PROVIDED DATA -
----
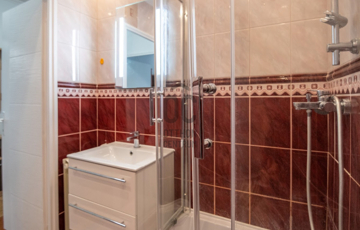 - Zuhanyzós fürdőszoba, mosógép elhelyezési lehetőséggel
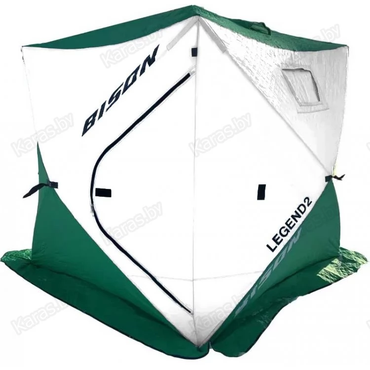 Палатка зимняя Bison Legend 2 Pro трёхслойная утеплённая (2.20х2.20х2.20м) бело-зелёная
----
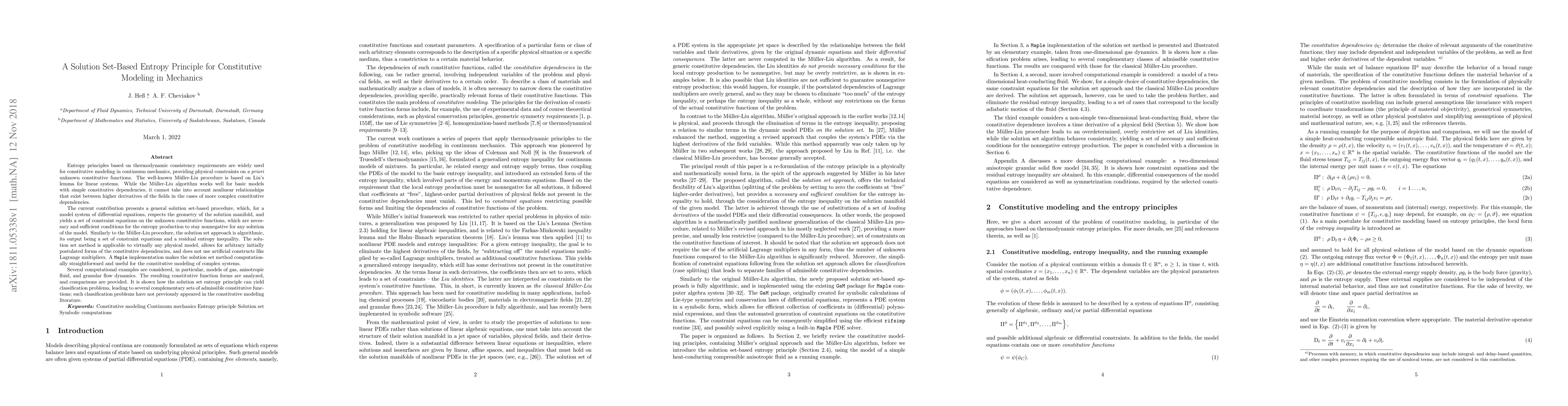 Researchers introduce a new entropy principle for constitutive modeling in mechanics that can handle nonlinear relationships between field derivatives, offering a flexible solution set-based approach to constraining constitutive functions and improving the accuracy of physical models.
----
EXERCISE DIRECTIONS - Take the material above from the line bearing "- Zuhanyzós fürdőszoba, mosógép" through the line bearing "Палатка зимняя Bison" and write it out exactly, both end lines included. Pictures stay out.

RESPONSE TO THE EXERCISE -
 - Zuhanyzós fürdőszoba, mosógép elhelyezési lehetőséggel
 Палатка зимняя Bison Legend 2 Pro трёхслойная утеплённая (2.20х2.20х2.20м) бело-зелёная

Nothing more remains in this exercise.